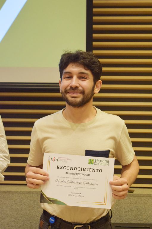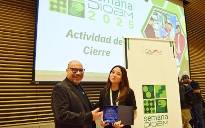 Las premiaciones realizadas en el marco de la Semana del DIQBM reunieron a la comunidad en un espacio de reconocimiento y celebración. La jornada destacó a docentes y profesoras y profesores auxiliares por su dedicación, a funcionarias y funcionarios por su apoyo permanente, y a estudiantes que sobresalieron por su excelencia académica. También se reconoció a los y las deportistas del departamento y a las ganadoras del concurso fotográfico. Un reconocimiento especial fue otorgado a Francisca Ramírez, estudiante del DIQBM, por su liderazgo y compromiso en la organización de la semana, que permitió consolidar una actividad participativa y representativa de toda la comunidad.
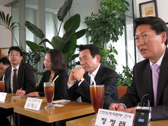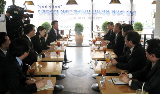 김종수 민주통합당 통일전문위원의 사회로 진행된 이날 간담회에는 통일부 이창렬 기획재정담당관 등 통일부 직원들이 배석했다.
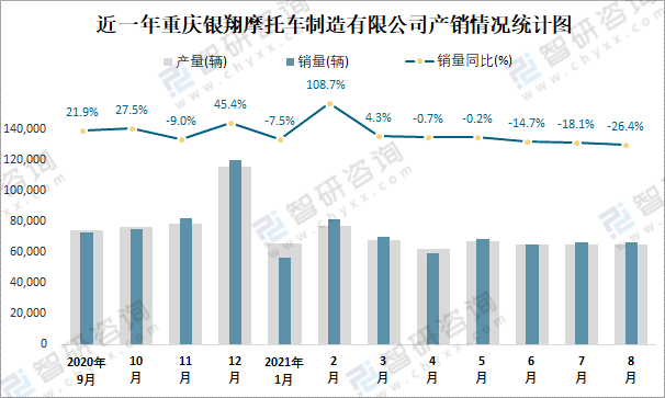 近一年重慶銀翔摩托車制造有限公司產(chǎn)銷情況統(tǒng)計(jì)圖
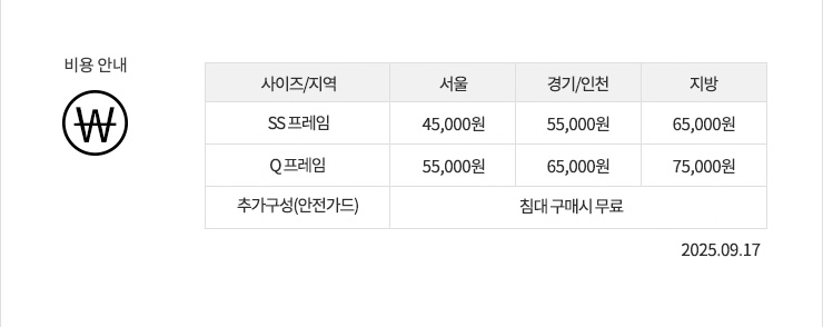 | 품질보증기준 | 설치 후 1년 무상 A/S(단,고객 귀책시 제외 | ||
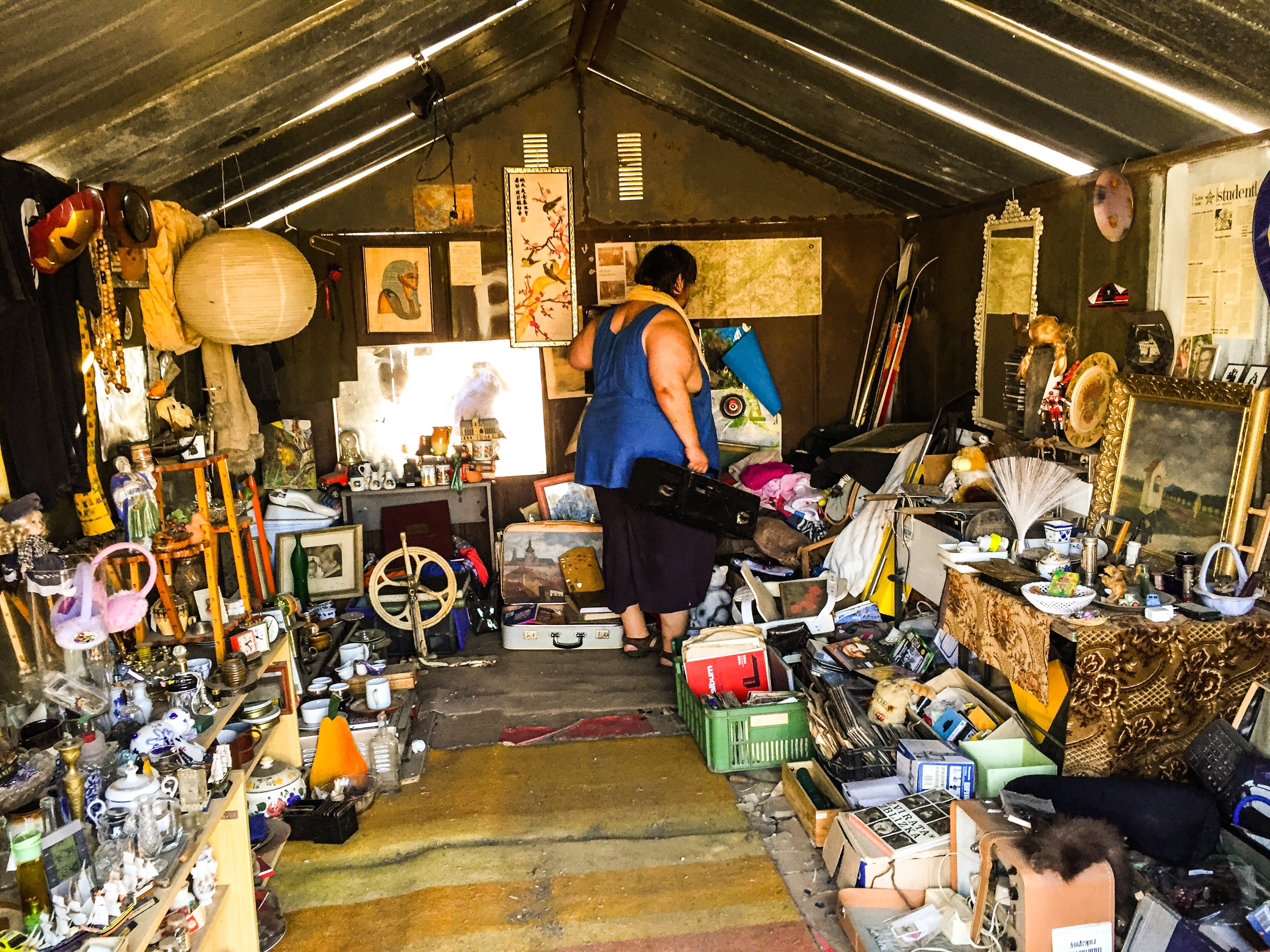 Det meste er til salgs, fra vanlige butikkvarer som vaskepulver, syltetøy og brus, via klær og kjøkkenutstyr til lopper og skrot fra de siste 100 år.

EXERCISE PROMPT:
When you reach the line that contains "귀책시 제외 | ||" in the records above, copy it and every line after it exactly through the last one, leaving out the pictures.

RESPONSE:
 | 품질보증기준 | 설치 후 1년 무상 A/S(단,고객 귀책시 제외 | ||
 Det meste er til salgs, fra vanlige butikkvarer som vaskepulver, syltetøy og brus, via klær og kjøkkenutstyr til lopper og skrot fra de siste 100 år.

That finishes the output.